- Citizenship: United States
- Education: Duke University
- Known for: Glycobiology, O-fucose & O-glucose Modifications
- Relatives: Kathryn H. Schmitz (sister) John Haltiwanger (brother)
- Awards: 2015 Karl Meyer Lectureship Award (Society for Glycobiology)
- Scientific career
- Fields: Glycobiology, Mass Spectrometry, Biochemistry, Biology
- Workplaces: Johns Hopkins University, Stony Brook University, University of Georgia
- Doctoral advisor: Robert L. Hill (biochemist)

= Robert S. Haltiwanger =

Robert S. Haltiwanger is professor and Georgia Research Alliance Eminent Scholar in Biomedical Glycoscience at the Complex Carbohydrate Research Center at the University of Georgia.
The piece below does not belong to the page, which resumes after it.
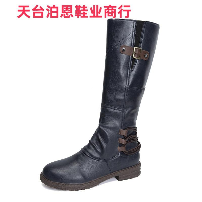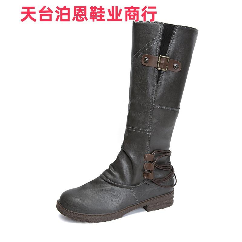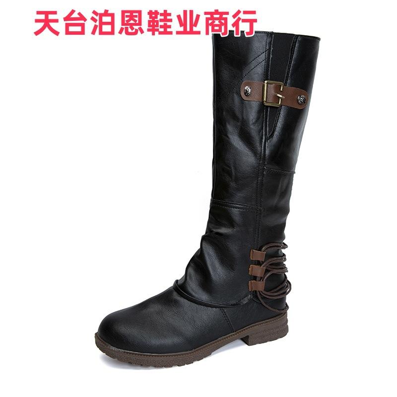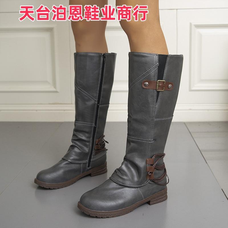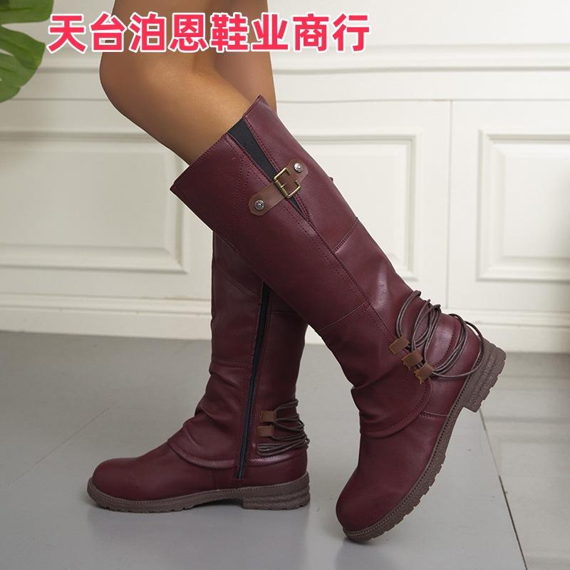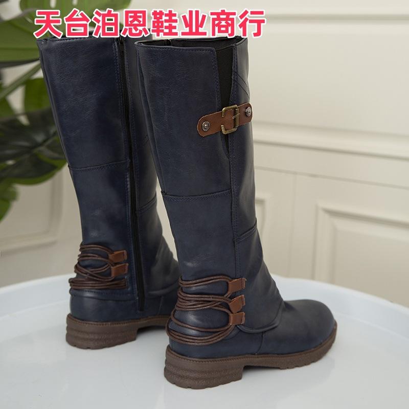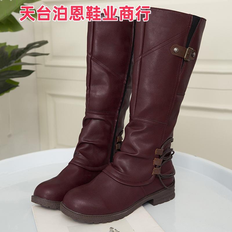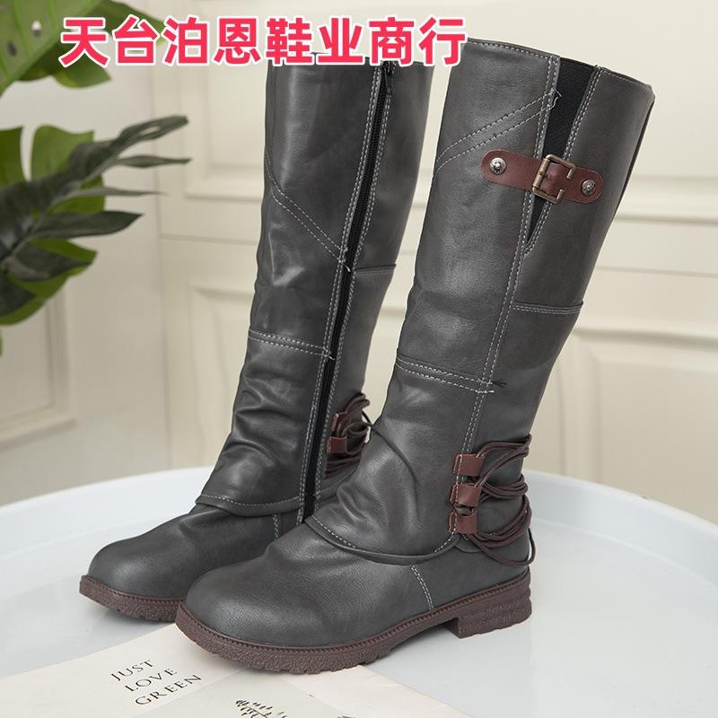 Dropshipping de Comercio Exterior Transfronterizo Europa y América Punto Venta al por Mayor Punta Redonda Cremallera Lateral Tacón Cuadrado Botas de Mujer Otoño e Invierno Nuevas Botas PU de Media Caña

He was previously professor and chair of The Department of Biochemistry and Cellular Biology at Stony Brook University. Haltiwanger received his Bachelor of Science from Duke University and then his doctorate from the same institution under Robert L. Hill. His post-doctoral work was at Johns Hopkins University under Gerald Hart. His primary field of interest is glycobiology with a focus on O-fucose and O-glucose glycans, NOTCH receptor signaling, and related projects.